- **PROBLEM REQUIREMENTS**:
Your answer must match, word for word, the lines from the one holding "Особливість моделі: велюрова" through the final line below, with pictures excluded.

- **DATA SUPPLIED**:
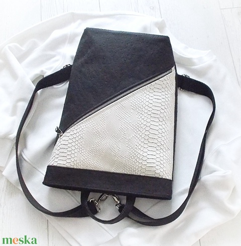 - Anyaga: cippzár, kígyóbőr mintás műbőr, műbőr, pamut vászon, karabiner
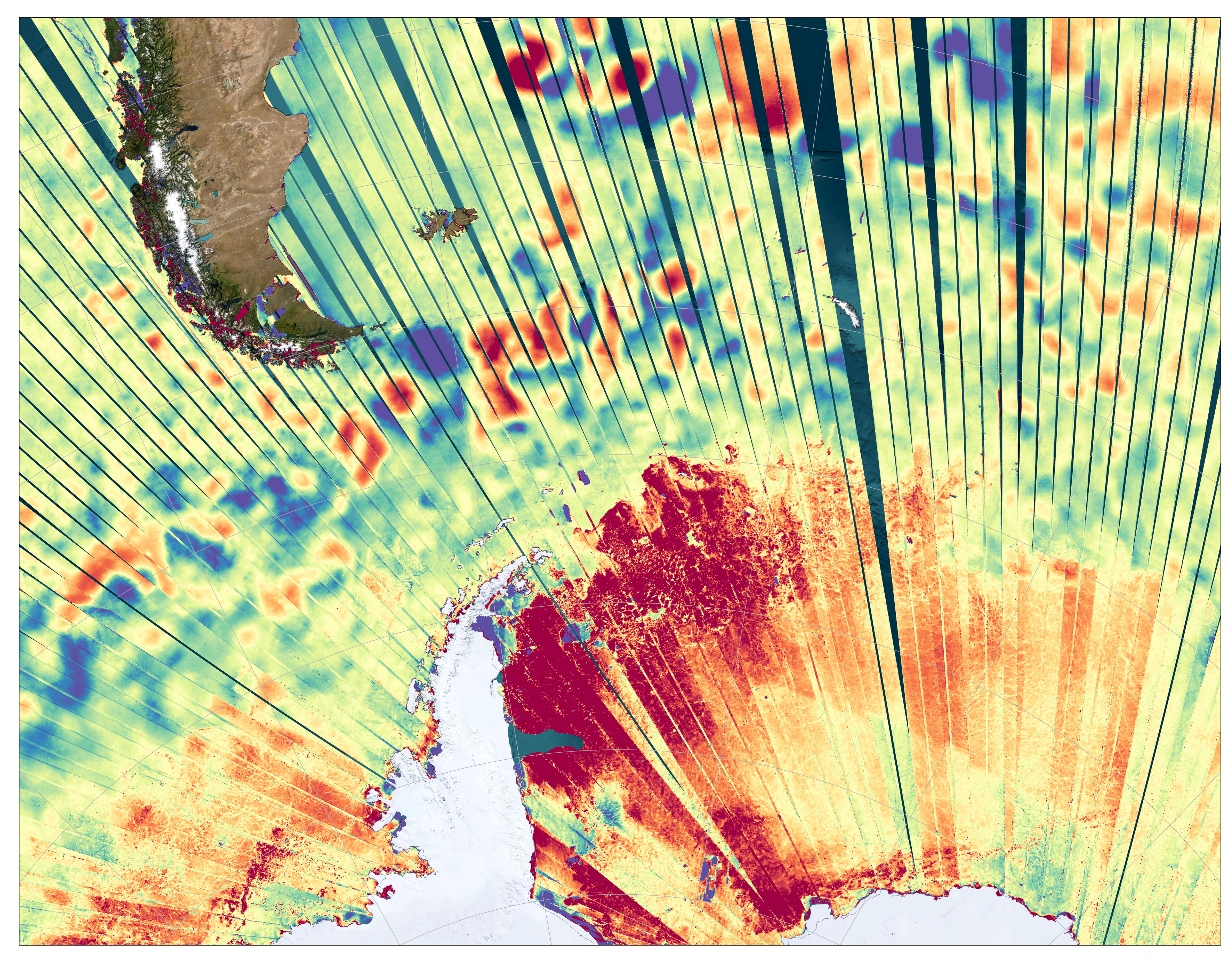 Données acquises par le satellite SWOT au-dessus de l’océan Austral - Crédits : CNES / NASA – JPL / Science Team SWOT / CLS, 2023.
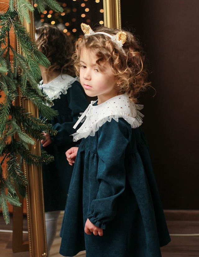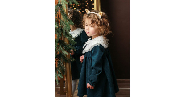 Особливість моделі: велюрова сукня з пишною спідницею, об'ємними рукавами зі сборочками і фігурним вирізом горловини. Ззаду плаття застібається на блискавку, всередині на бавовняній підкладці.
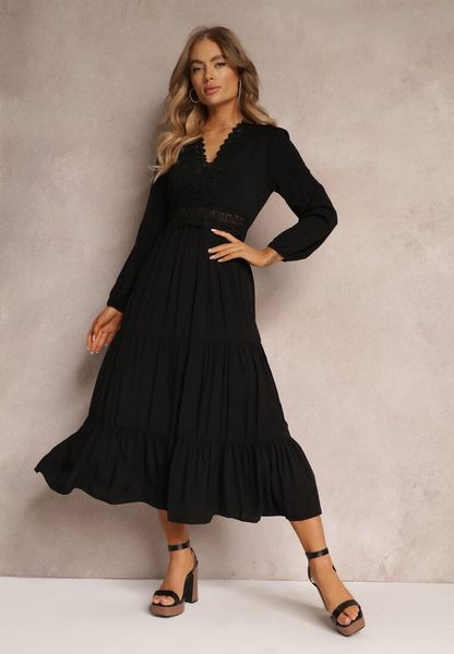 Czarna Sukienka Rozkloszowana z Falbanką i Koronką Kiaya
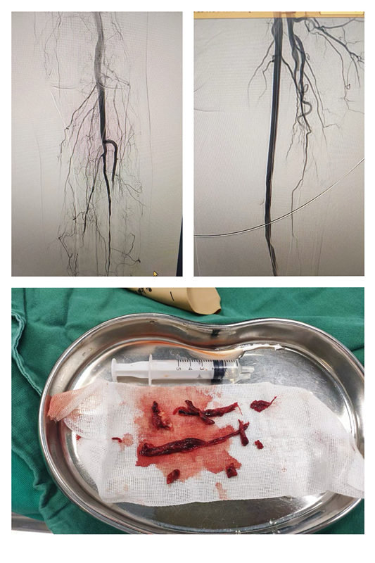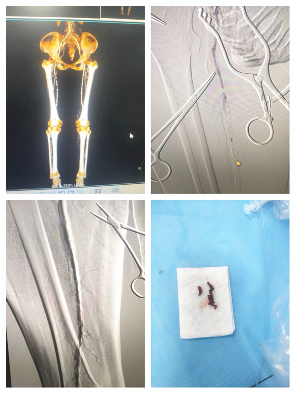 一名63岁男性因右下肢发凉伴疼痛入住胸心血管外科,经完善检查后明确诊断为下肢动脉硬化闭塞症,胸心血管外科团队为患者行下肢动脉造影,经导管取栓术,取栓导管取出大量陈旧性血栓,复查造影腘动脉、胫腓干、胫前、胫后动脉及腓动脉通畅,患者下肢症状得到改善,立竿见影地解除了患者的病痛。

- **EXPECTED ANSWER**:
 Особливість моделі: велюрова сукня з пишною спідницею, об'ємними рукавами зі сборочками і фігурним вирізом горловини. Ззаду плаття застібається на блискавку, всередині на бавовняній підкладці.
 Czarna Sukienka Rozkloszowana z Falbanką i Koronką Kiaya
 一名63岁男性因右下肢发凉伴疼痛入住胸心血管外科,经完善检查后明确诊断为下肢动脉硬化闭塞症,胸心血管外科团队为患者行下肢动脉造影,经导管取栓术,取栓导管取出大量陈旧性血栓,复查造影腘动脉、胫腓干、胫前、胫后动脉及腓动脉通畅,患者下肢症状得到改善,立竿见影地解除了患者的病痛。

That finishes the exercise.